Such were the reverberations of the Great Beer Raid staged the week before by the liquor enforcement arm of the State Police. The agents hauled off about $7,000 worth of beer from three bars, acting on a single complaint that alleged it was unregistered. (Days later, they hit a major distributor in the Northeast.)
The Pennsylvania Liquor Control Board (PLCB) requires beer sold in the state to be registered by the brewer or importing distributor, the better to collect taxes and, in the words of chief enforcer Maj. John Lutz, to "safeguard the public" from amateur batches of bum beer.
But with the state's own listings sometimes out of date, and the imperfect record of small-time brewers in filing paperwork, bars all over town suddenly found themselves treading on eggshells - sadly, during a weekend that had been devoted to showcasing the city's hip, cutting-edge, big-time beer scene.
Let's be clear. This was not about promoting the rowdy drinking associated with fizzy green beer and stupefied St. Patrick's Day carousers. It was about celebrating the revival of the lost brewing arts; about pouring the anti-Buds - beer made with body, care, and full flavor, the stuff that was drained out long ago by the mega-manufacturers.

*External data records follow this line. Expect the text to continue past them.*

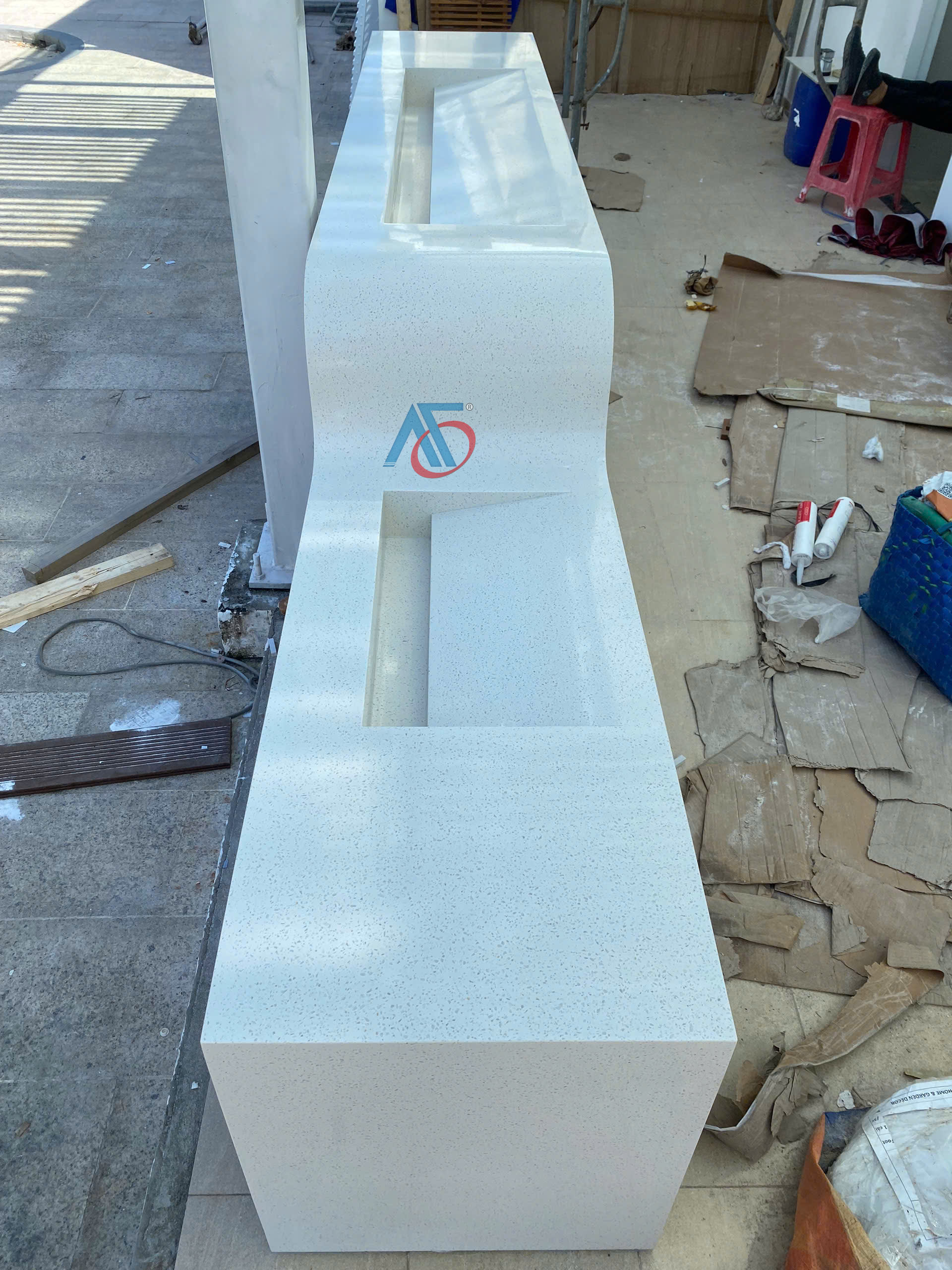 Nội thất AOF chuyên thi công hoàn thiện các sản phẩm về đá Solid Surface làm mặt đá lavabo, chậu rửa Lavabo, mặt bếp, bàn đảo, quầy lễ tân,bồn tắm,…Các sản phẩm về đá nhân tạo solid surface luôn được đảm bảo về chất lượng, màu sắc sang trọng, thi công nhanh chóng, bảo hành sản phẩm 5 năm.
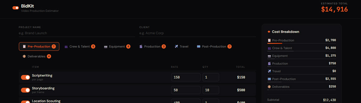 BidKit - Video Production Estimator
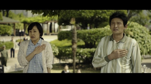 "그 과정에서 네가 이해할 수 없었던 한 가지 일은, 입관을 마친 뒤 약식으로 치르는 짧은 추도식에서 유족들이 애국가를 부른다는 것이었다. 관 위에 태극기를 반듯이 펴고 친친 끈으로 묶어놓는 것도 이상했다. 군인들이 죽인 사람들에게 왜 애국가를 불러주는 걸까. 왜 태극기로 관을 감싸는 걸까. 마치 나라가 그들을 죽인 게 아니라는 듯이." (한강 중에서)영화 에는 덕수(황정민)와 영자(김윤진)가 부부싸움을 하다가 국기에 대한 경례를 하는 장면이 나오는데, 매일 저녁 전국민이 국기 하강식에 동참해야 했던 때가
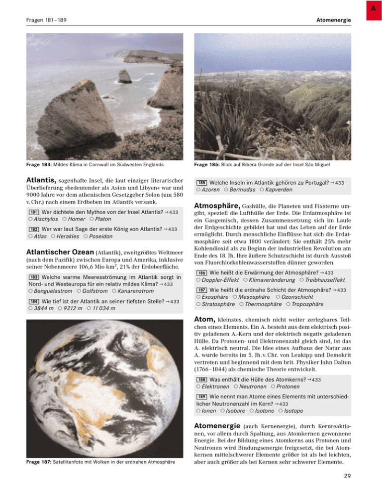 A Fragen 181–189 Frage 183: Mildes Klima in Cornwall im Südwesten Englands Atlantis, sagenhafte Insel, die laut einziger literarischer Überlieferung »bedeutender als Asien und Libyen« war und 9000 Jahre vor dem athenischen Gesetzgeber Solon (um 580 v. Chr.) nach einem Erdbeben im Atlantik versank. Wer dichtete den Mythos von der Insel Atlantis? 433 Aischylos Homer Platon 181 Wer war laut Sage der erste König von Atlantis? 433 Atlas Herakles Poseidon 182 Atlantischer Ozean (Atlantik), zweitgrößtes Weltmeer (nach dem Pazifik) zwischen Europa und Amerika, inklusive seiner Nebenmeere 106,6 Mio km2, 21% der Erdoberfläche. Welche warme Meeresströmung im Atlantik sorgt in Nord- und Westeuropa für ein relativ mildes Klima? 433 Benguelastrom Golfstrom Kanarenstrom 183 Wie tief ist der Atlantik an seiner tiefsten Stelle? 433 3844 m 9212 m 11 034 m 184 Atomenergie Frage 185: Blick auf Ribera Grande auf der Insel São Miguel Welche Inseln im Atlantik gehören zu Portugal? 433 Azoren Bermudas Kapverden 185 Atmosphäre, Gashülle, die Planeten und Fixsterne umgibt, speziell die Lufthülle der Erde. Die Erdatmosphäre ist ein Gasgemisch, dessen Zusammensetzung sich im Laufe der Erdgeschichte gebildet hat und das Leben auf der Erde ermöglicht. Durch menschliche Einflüsse hat sich die Erdatmosphäre seit etwa 1800 verändert: Sie enthält 25% mehr Kohlendioxid als zu Beginn der industriellen Revolution am Ende des 18. Jh. Ihre äußere Schutzschicht ist durch Ausstoß von Fluorchlorkohlenwasserstoffen dünner geworden. Wie heißt die Erwärmung der Atmosphäre? 433 Doppler-Effekt Klimaveränderung Treibhauseffekt 186 Wie heißt die erdnahe Schicht der Atmosphäre? 433 Exosphäre Mesosphäre Ozonschicht Stratosphäre Thermosphäre Troposphäre 187 Atom, kleinstes, chemisch nicht weiter zerlegbares Teilchen eines Elements. Ein A. besteht aus dem elektrisch positiv geladenen A.-Kern und der elektrisch negativ geladenen Hülle. Da Protonen- und Elektronenzahl gleich sind, ist das A. elektrisch neutral. Die Idee eines Aufbaus der Natur aus A. wurde bereits im 5. Jh. v. Chr. von Leukipp und Demokrit vertreten und beginnend mit dem brit. Physiker John Dalton (1766–1844) als chemische Theorie entwickelt. Was enthält die Hülle des Atomkerns? 433 Elektronen Neutronen Protonen 188 189 Wie nennt man Atome eines Elements mit unterschiedlicher Neutronenzahl im Kern? 433 Ionen Isobare Isotone Isotope Frage 187: Satellitenfoto mit Wolken in der erdnahen Atmosphäre Atomenergie (auch Kernenergie), durch Kernreaktionen, vor allem durch Spaltung, aus Atomkernen gewonnene Energie. Bei der Bildung eines Atomkerns aus Protonen und Neutronen wird Bindungsenergie freigesetzt, die bei Atomkernen mittelschwerer Elemente größer ist als bei leichten, aber auch größer als bei Kernen sehr schwerer Elemente. 29 A Atom Atlantis Antworten 181–189 29 Bermudainseln: Gruppe von ca. 360 Inseln im westlichen Nordatlantik, brit. Kronkolonie seit 1684. Kapverden: Vor der Westküste Afrikas gelegene Inselgruppe aus neun bewohnten und sechs unbewohnten Inseln. Ab 1460 von Portugiesen besiedelt. 1975 erklärte Kap Verde die Unabhängigkeit und wurde Republik. 181 Dichter des Mythos von der Insel Atlantis Platon (427–348/47 v. Chr.): Griech. Philosoph, lässt im Dialog »Kritias« den gleichnamigen athenischen Politiker über Geografie und Geschichte einer sagenhaften Insel namens Atlantis berichten, deren Bewohner durch die Seefahrt reich und überheblich wurden. Das Werk bricht mitten im Satz ab, Atlantis soll im Meer versunken sein. Steinskulptur des Platon Aischylos (525–456 v. Chr.): Griech. Dichter. Seine sieben erhaltenen Tragödien, darunter die »Orestie« (457), markieren den Beginn der tragischen Dichtung in Europa. Homer (8. Jh. v. Chr.): Griech. Dichter, erfand in dem Epos »Odyssee« die Gestalt des Odysseus. Atmosphäre 29 186 Erwärmung der Atmosphäre Treibhauseffekt: Anstieg der Temperatur in der Erdatmosphäre durch die vom Erdboden in Form von Wärme gespeicherte Sonnenstrahlung. Ohne den natürlichen Treibhauseffekt läge die Temperatur bei durchschnittlich –18 °C. Doppler-Effekt: Das von dem Physiker Christian Doppler (1803–1853) beschriebene Phänomen gilt als Ursache für die sich ändernde Tonhöhe bei sich bewegenden Tonquellen. Klimaveränderung: Die Veränderung des Klimas durch vom Menschen verursachte Erwärmung der Erdatmosphäre führt weltweit zu Dürren, Stürmen, Orkanen und Hochwasser. 187 Erdnahe Schicht der Atmosphäre 182 Erster König von Atlantis Atlas: Laut Platon der erste König von Atlantis. Nach ihm wurden (laug Dialog des Platon) die Insel Atlantis und das umgebende Meer »Atlantik« genannt. Herakles: Held der griech. Mythologie. Poseidon: In der griech. Mythologie der Gott des Meeres. Atlantischer Ozean 29 183 Warme Meeresströmung im Atlantik Golfstrom: Starke Oberflächenströmung im Nordatlantik. Der warme Golfstrom bildet sich nördlich der Bahamas aus dem Antillen- und dem Floridastrom und sorgt an den Westküsten des nördlichen Europa für ein mildes Klima. Benguelastrom: Kalte Meeresströmung im Südatlantik. Kanarenstrom: Kalte Strömung im Nordatlantik. 184 Tiefste Stelle des Atlantiks 9212 m: Milwaukeetiefe im Puerto-Rico-Graben. 3844 m: Mittlere Tiefe des Atlantischen Ozeans. 11 034 m: Tiefste Stelle des Pazifischen Ozeans. 185 Zu Portugal gehörende Atlantikinseln Azoren: Autonome portugies. Inselgruppe 1400 km westlich von Portugal im Nordatlantik. Die neun bewohnten Vulkaninseln ragen bis zu 2351 m auf. Antwort 187: Ozonloch in der Atmosphäre 2001 (l.) und 2002 (r.) Name Troposphäre Exosphäre Mesosphäre Ozonschicht Stratosphäre Thermosphäre Atom Höhe (km) Temperatur (°C) bis 11 ab 400 bis 80 bis 30 bis 50 bis 400 –40 bis +50 über 2000 –70 bis –10 –50 bis 0 –50 bis –10 –50 bis +1100 29 188 Inhalt der Atomkernhülle Elektronen: Elektrisch negativ geladene Teilchen, die in der Atomhülle um den Atomkern kreisen. Zahl und Anordnung b
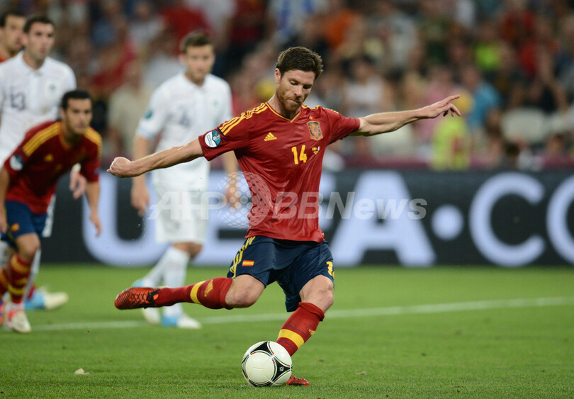 試合終了間際にPKでチーム2得点目を挙げるスペインのシャビ・アロンソ(Xabi Alonso、2012年6月23日撮影)。(c)AFP/FRANCK FIFE
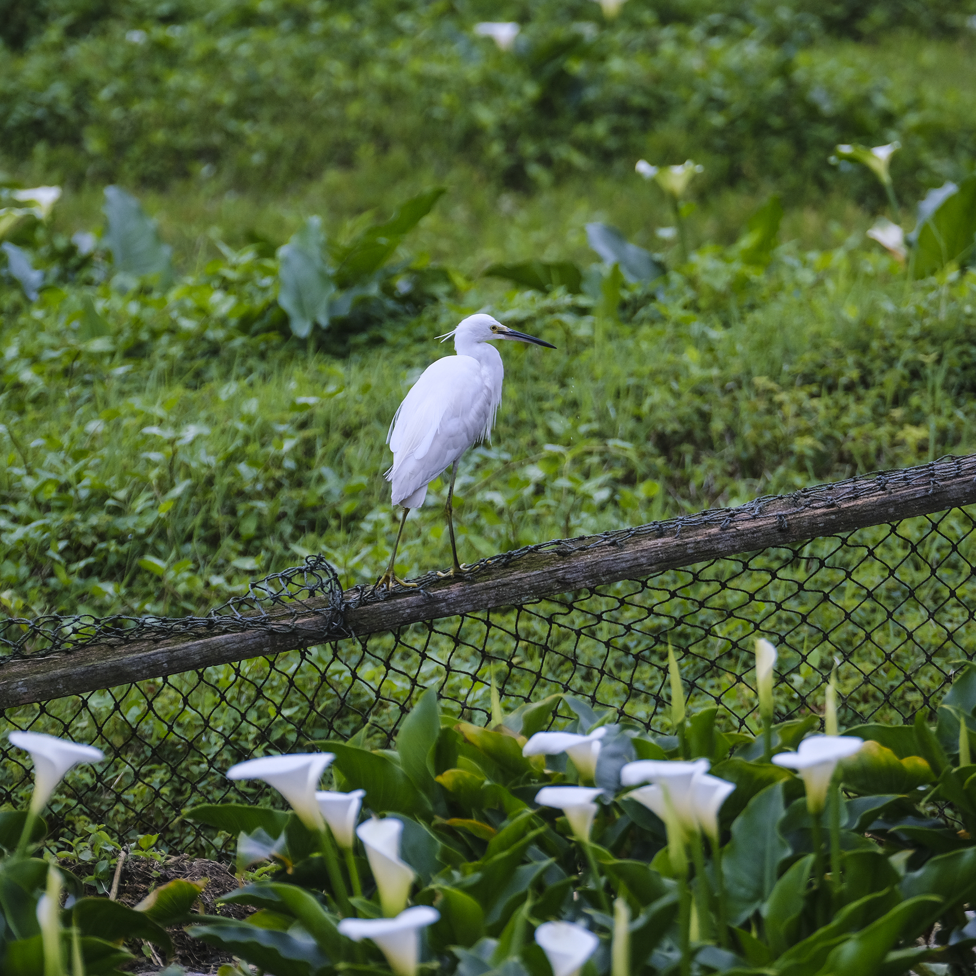 นกยางเปียเดินเล่นอย่างสบายใจกลางไร่คาลล่า ลิลลี่ เสียงลมเบา ๆ กลบเสียงเมืองจนเงียบสนิท เหมาะกับคนที่อยากปีนเขาแบบได้พักใจไปพร้อมกัน
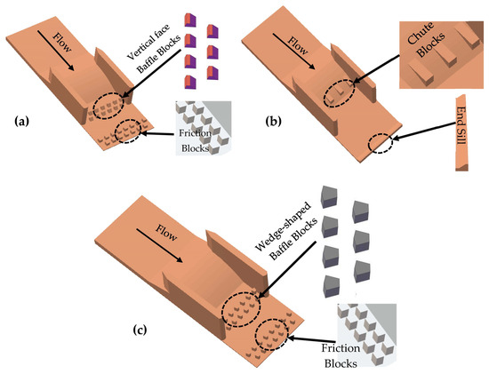 Energy dissipation arrangement, (a) old basin (Type I), (b) remodeled basin (Type II), and (c) WSBB basin (Type III).

So it was heartening that despite the occasional moments of stage fright, the weekend's show went resoundingly on.
Close to 1,000 tickets were sold to the Brewer's Plate, the food-and-beer extravaganza that spilled from the rotunda into the Egyptian Room at Penn's University Museum on Sunday. (One highlight: Southwark Cafe's roast pig with the logo of Nodding Head Brewery, which supplied accompanying saison beer, tattooed expertly near its snout.)